The strongest opposition to Abdülhamid was formed among the students and graduates of the schools that were opened and developed to train qualified specialists and civil servants. They began to question the way the country was governed.

By 1900, the contradictions of the Abdülhamid period had deepened. The fruits of economic measures were beginning to be reaped, but those who benefited the most were the creditors of the state, namely the Westerners and their business partners. The financial power of the state was under mortgage, and the resources of the country were under the control of foreigners. The gentry team, which was backed during the reign of Abdülhamid and had land and money in their hands, wanted to have a larger share in the established wheel, therefore, they were listening to the voice of the opposition more and more.

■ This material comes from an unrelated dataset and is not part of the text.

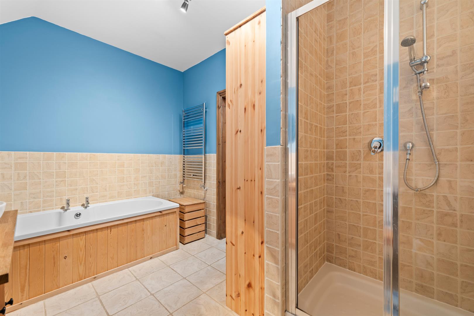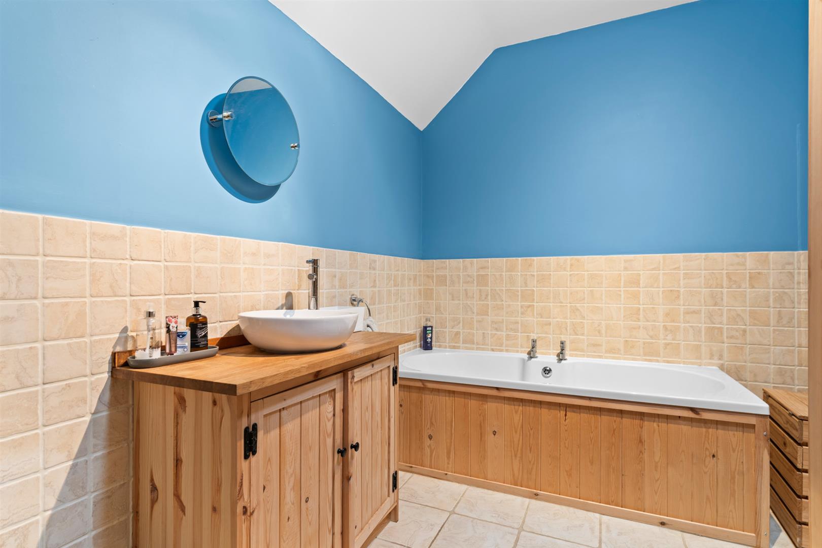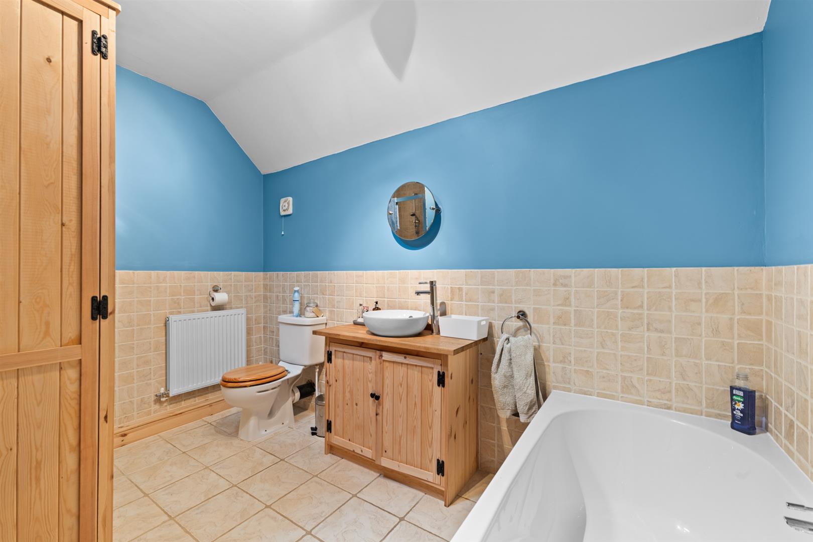 Bath/Shower Room - 3.40m x 2.31m (11'2" x 7'7") - A well proportioned space fitted with a four piece suite comprising panelled double ended bath with chrome taps and tiled splash backs, separate shower enclosure with sliding screen and wall mounted shower mixer, close coupled WC and vanity unit with pine door fronts, oak vanity surface over and round bowl washbasin with chrome mixer tap; tiled splash backs and floor, contemporary towel radiator, part pitched ceiling and inset light tunnel.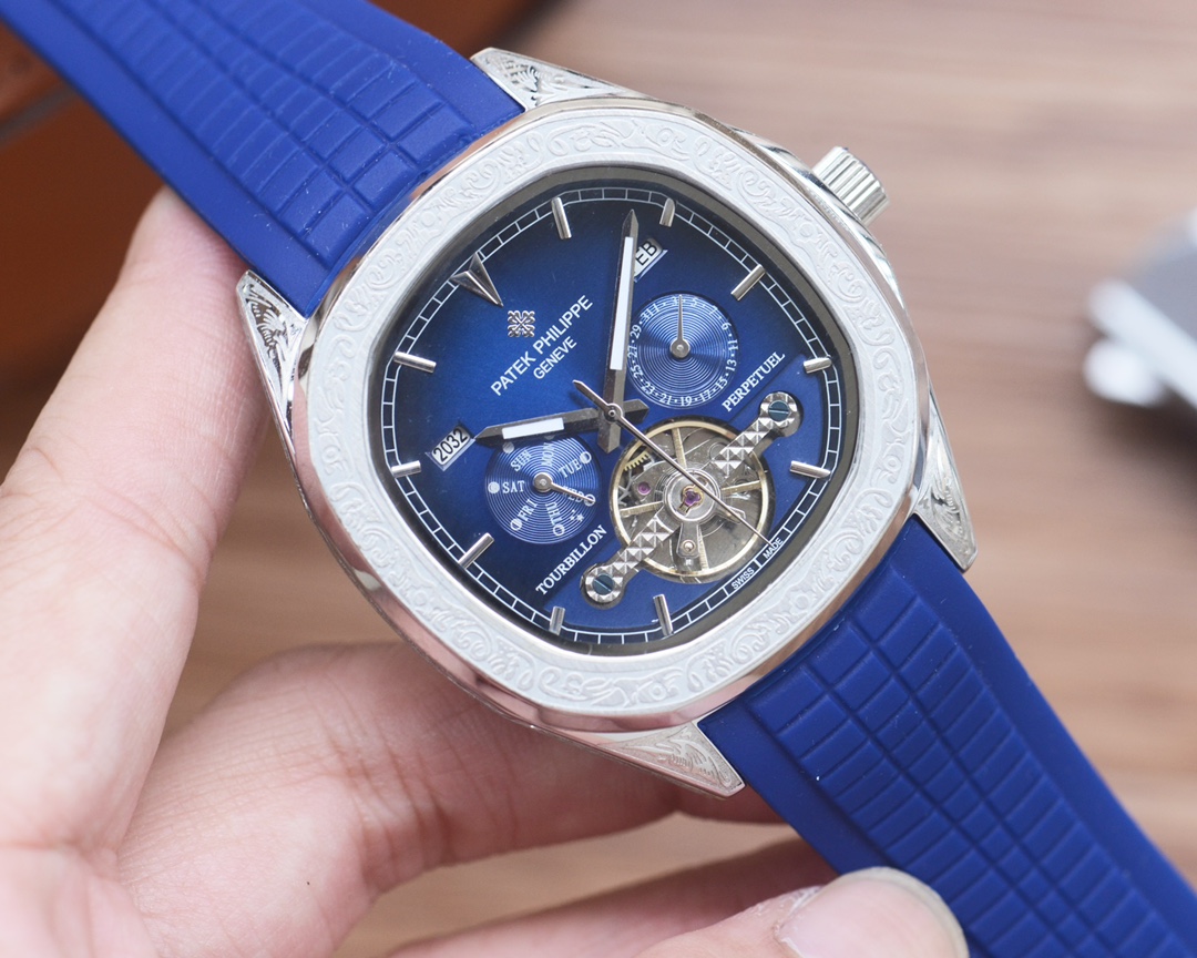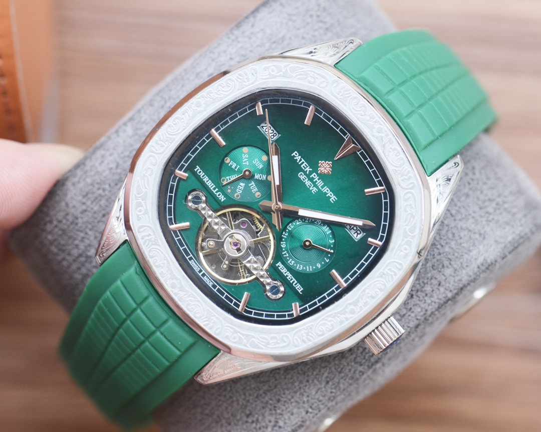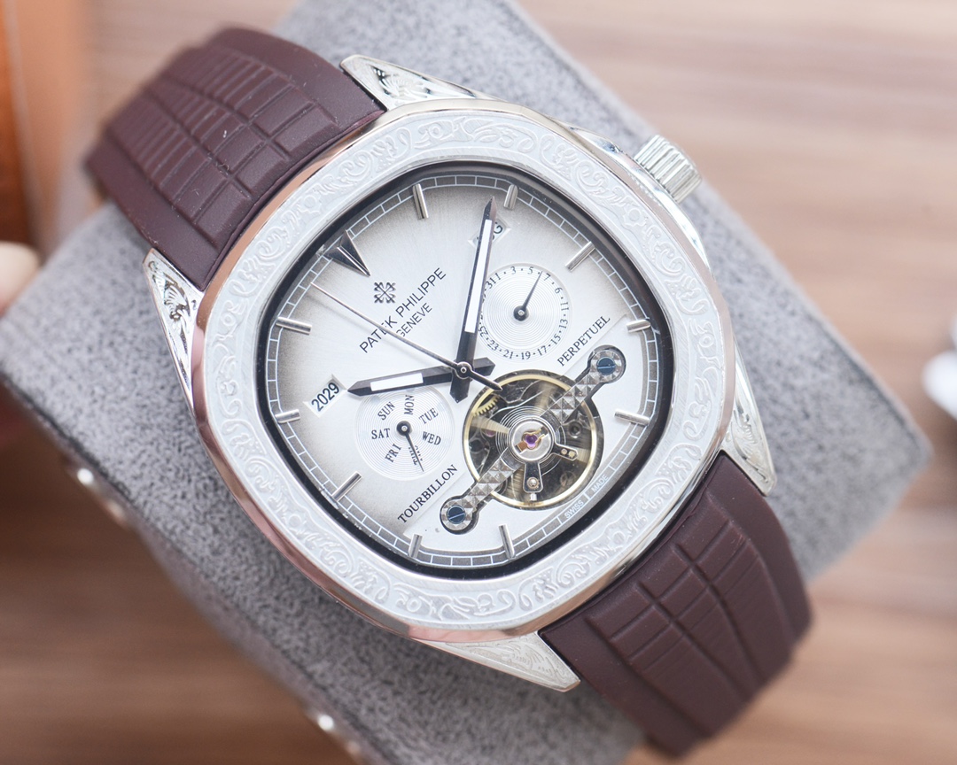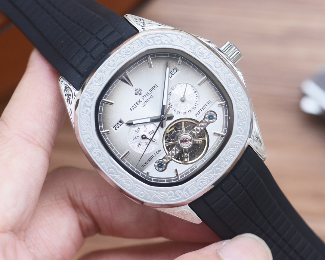 Elevate your wrist game with this Patek Philippe automatic watch. Featuring a durable rubber strap and unique engraved case design.

At this time, the Young Turks, who were fighting against Abdülhamid in Europe, began to be more influential with the publications they produced and secretly introduced into the country. In the country, efforts to establish a secret society among young civil servants and especially officers intensified. The most influential of the associations was the Committee of Union and Progress. Opposition to Abdülhamid took the character of a military uprising in June 1908. The movement that started between the troops in Monastir and Thessaloniki tended to grow rapidly. As the only way to stop the uprising without causing a civil war, Abdülhamid declared on 23 July 1908 that he had re-enacted all the articles of the Constitution.

The proclamation of the Constitutional Monarchy was met with great joy in all the important cities of the country, especially in Istanbul, and even in smaller settlements. Obviously, at least the urban part of the society, or the middle classes, now claimed the constitutional order.

In fact, since the Constitution was not amended, the sultan still remained the source of sovereignty in 1908. Abdulhamid was applauded for the second time after 1876 as a sultan who bestowed good rights on his subjects. But the situation was not the same. The Committee of Union and Progress, which was based primarily on young officers and bureaucrats, was a tangible counterbalance to the sultan and the old pashas.

However, the society, which did not have a definite political program, preferred to deepen its influence in the army and state organization by remaining the power behind the scenes. On the other hand, he took control of the Parliament by resorting to every means to ensure that the parliamentary elections were concluded as he wanted.

Abdulhamid II was deposed on April 27, 1909. He was exiled to Thessaloniki. After being detained there for three and a half years, he was transferred to Beylerbeyi Palace during the Balkan War. From there he watched the collapse of the state in World War I. He died here on February 10, 1918, towards the end of the war.